◆ Task objective:
Within the entries below, output exactly the lines between the line containing "この交差点は、この先しきぶ駅" and the line containing "The artwork features", inclusive, and omit any picture.

◆ Source material:

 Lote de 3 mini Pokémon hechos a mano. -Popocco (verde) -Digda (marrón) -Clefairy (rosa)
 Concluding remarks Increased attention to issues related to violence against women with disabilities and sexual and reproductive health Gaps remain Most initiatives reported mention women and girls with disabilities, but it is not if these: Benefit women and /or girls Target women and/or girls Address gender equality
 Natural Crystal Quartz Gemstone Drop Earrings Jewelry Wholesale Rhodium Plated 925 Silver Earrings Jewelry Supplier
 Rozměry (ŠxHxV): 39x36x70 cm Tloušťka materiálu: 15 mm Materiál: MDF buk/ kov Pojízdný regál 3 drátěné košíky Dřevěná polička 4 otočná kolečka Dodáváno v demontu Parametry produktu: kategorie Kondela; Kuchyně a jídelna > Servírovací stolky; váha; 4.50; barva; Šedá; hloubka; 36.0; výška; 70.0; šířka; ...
* * *
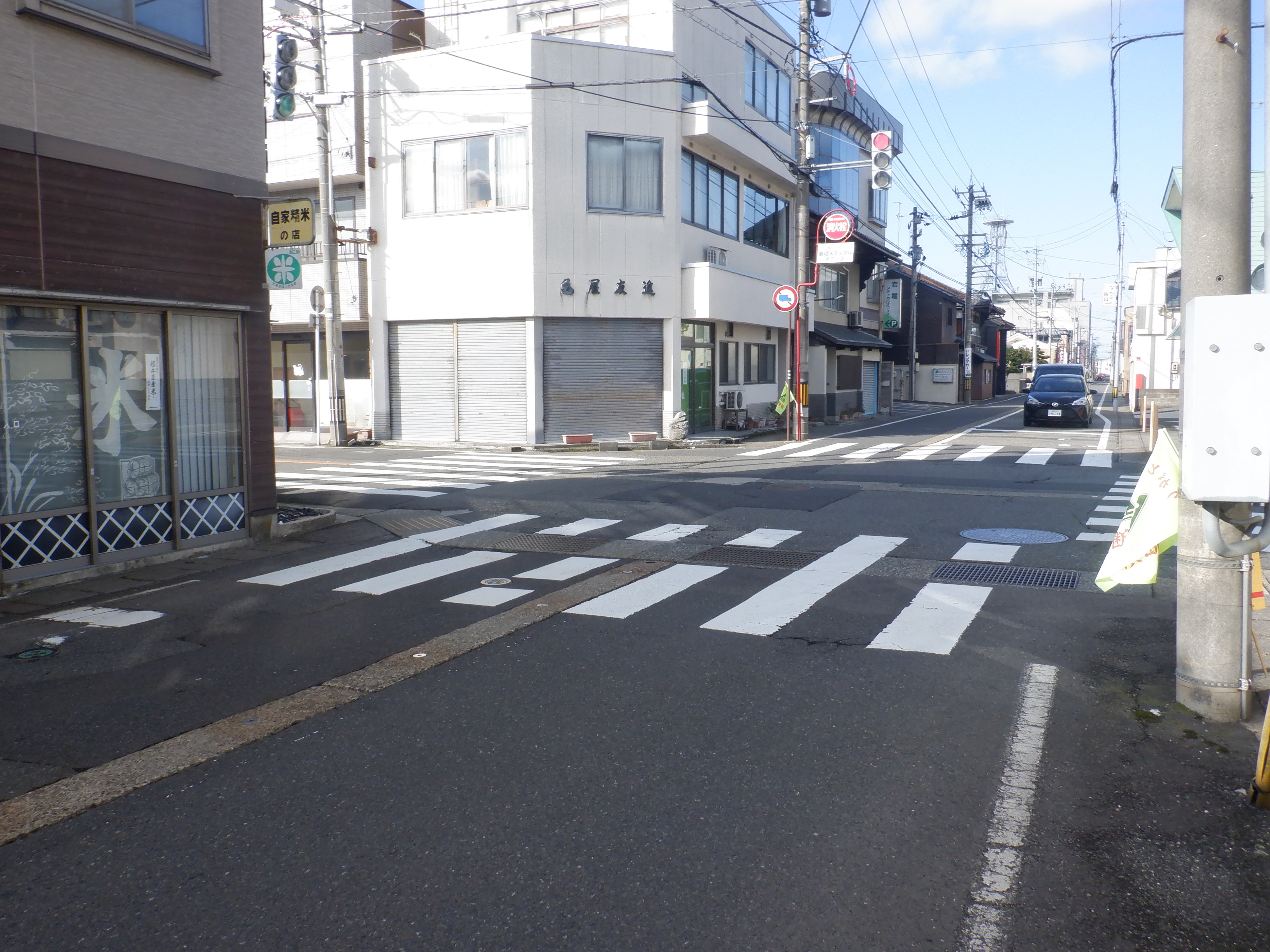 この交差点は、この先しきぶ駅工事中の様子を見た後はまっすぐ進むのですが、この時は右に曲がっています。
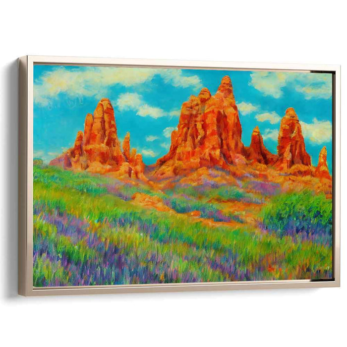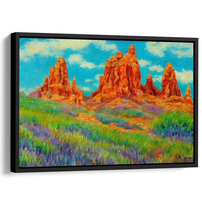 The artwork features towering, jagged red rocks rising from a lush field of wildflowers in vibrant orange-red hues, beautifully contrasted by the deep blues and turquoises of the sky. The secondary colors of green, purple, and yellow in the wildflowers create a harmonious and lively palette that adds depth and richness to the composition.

◆ Task response:
 この交差点は、この先しきぶ駅工事中の様子を見た後はまっすぐ進むのですが、この時は右に曲がっています。
 The artwork features towering, jagged red rocks rising from a lush field of wildflowers in vibrant orange-red hues, beautifully contrasted by the deep blues and turquoises of the sky. The secondary colors of green, purple, and yellow in the wildflowers create a harmonious and lively palette that adds depth and richness to the composition.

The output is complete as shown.